The shower deserves a mention too. Separate from the bath, which sounds like a small thing until you’ve stayed somewhere where they aren’t, and just a genuinely lovely experience from start to finish. After getting ready, I headed downstairs for breakfast.
Breakfast was an interesting experience. The menu was more limited than I’d expected: it began with a small bowl of fruit, a croissant, and a ginger shot, and I opted for the English breakfast, which arrived with a plant-based sausage, one egg, toast, cherry tomatoes, mushrooms, microgreens, and pine kernels. Was it nice? Yes. Was I expecting a little more? Also yes. The online menu appears more extensive than what was offered during my stay, so it’s worth checking ahead so expectations are aligned. That said, I left nourished and ready for the day, which is ultimately the point.
After breakfast, I explored the rest of the hotel. The library looked like an ideal place to read or work quietly. The wellness space, with its infrared sauna, Peloton bikes, and treatment rooms, is firmly on my list for a return visit. One night simply wasn’t enough to enjoy it at the pace it deserves.
As a self-proclaimed artist (photography and writing absolutely count), Inhabit speaks to something particular in me. The artwork displayed throughout, the considered design, the sense that the space has been built around a certain kind of sensitivity: it all adds up to something you feel rather than analyse.
Should You Stay?
Should you stay here? That depends on what you’re looking for, and I mean that as a genuine recommendation rather than a hedge. Inhabit Queen’s Gardens is great at what it does: restoration as a considered, intentional experience. If that’s what you need right now, it will deliver. If you’re someone who needs a little more texture or energy from a hotel stay, you might find it slightly quiet for your particular rhythm.
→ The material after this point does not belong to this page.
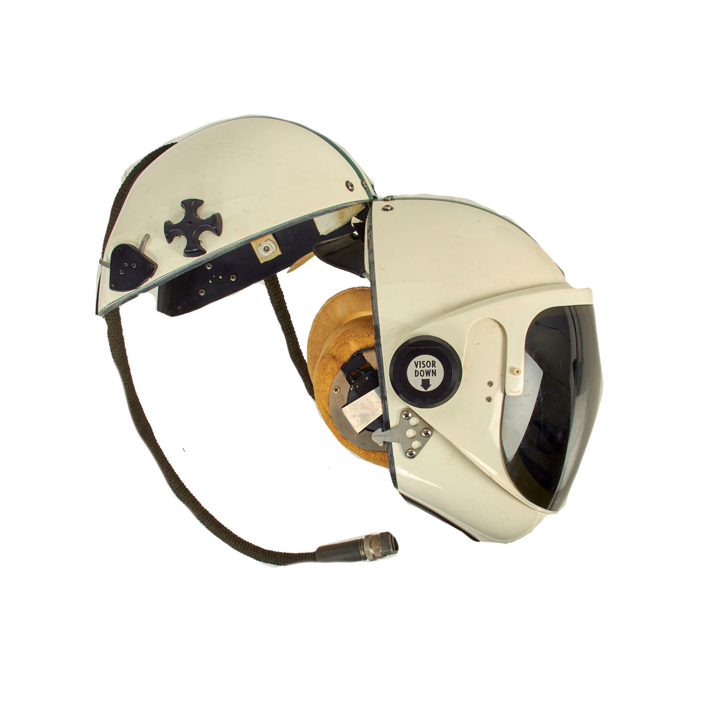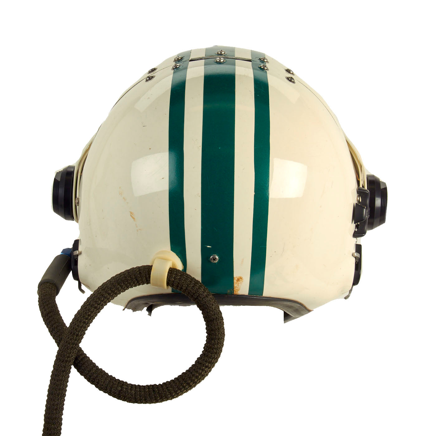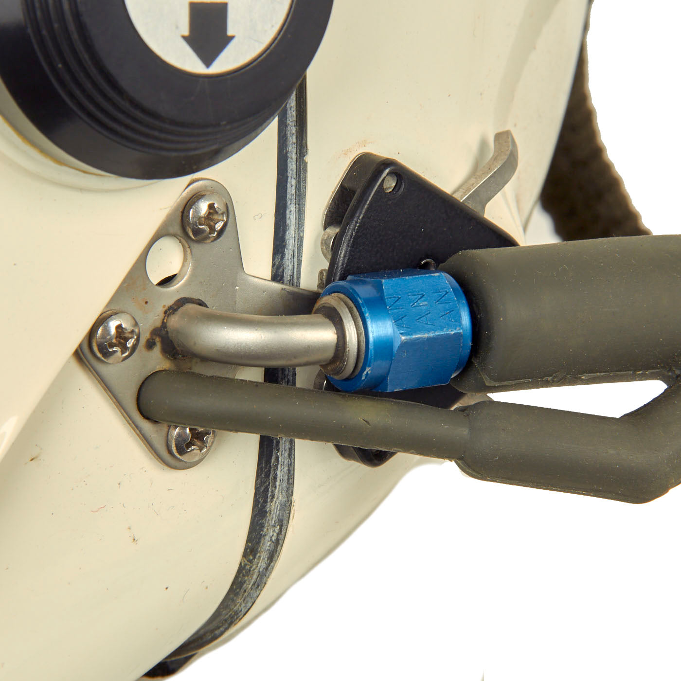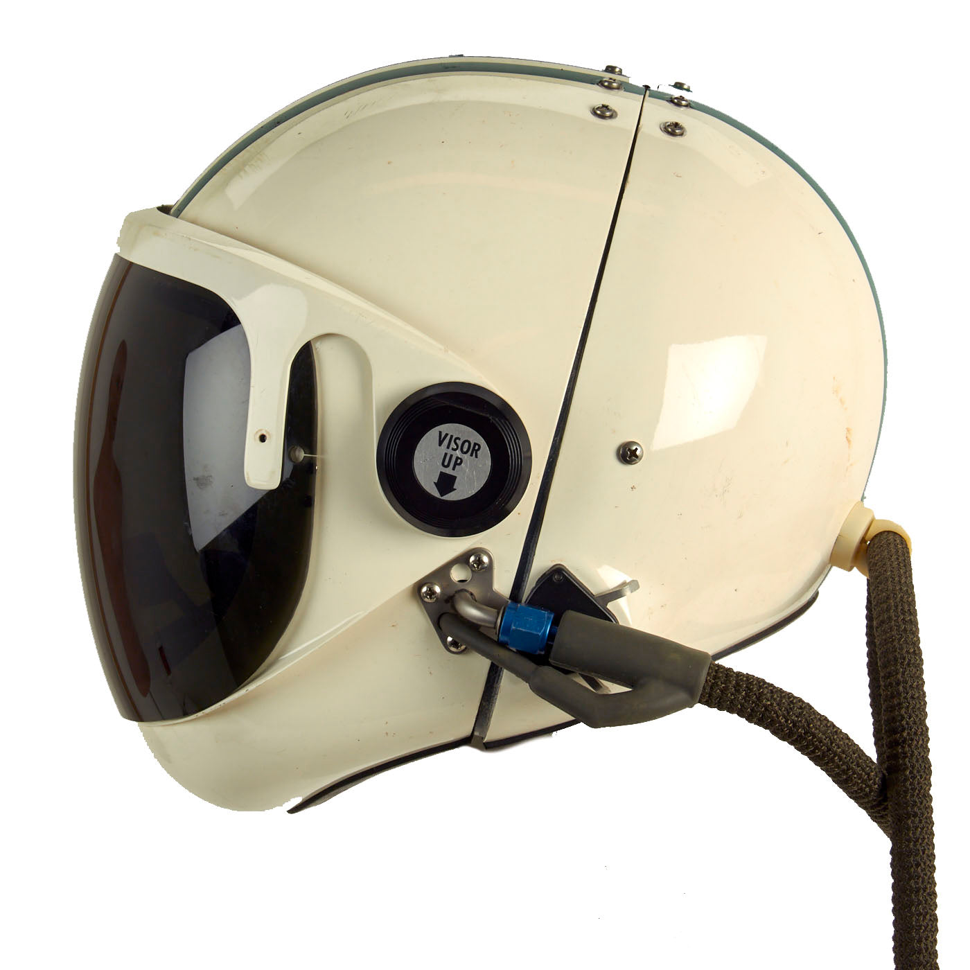 Original Item: Only One Available. Now this is an incredible helmet and piece of history! The United States Navy Type HGU-20/P Protective Flying Helmet is a "clam shell" hinge designed helmet. It features a white plastic outer shell with flip up clear plastic visor and smoked sun visor, black plastic liner adjustment knob on right side, visor knob on each side, helmet latch on each side, internal microphone, sage green nylon covered oxygen hose, green and white striped reflective tape on helmet. There is evidence of a US Navy decal on the front of the helmet, but it was removed and only left the residue.

I fall somewhere in between, which is how I know it’s doing its job properly.
What I can say with confidence: if you go, stay for more than one night. Book the Queen’s Suite if you can, for that bathtub and the light alone. Give yourself the morning. Wake slowly, have breakfast, take a walk through the neighbourhood, return for the sauna, a treatment, and dinner at Yeotown. No check-in pressure, no check-out looming. Just the particular luxury of having nowhere else to be.

Still Thinking About It
That’s what Mallorca taught me. And it’s what Inhabit, on a quiet street in Bayswater, quietly reminded me of.
Rooms at Inhabit Queen’s Gardens start from £173 per night. The hotel is a short walk from Paddington station. Visit inhabit-hotels.com to book.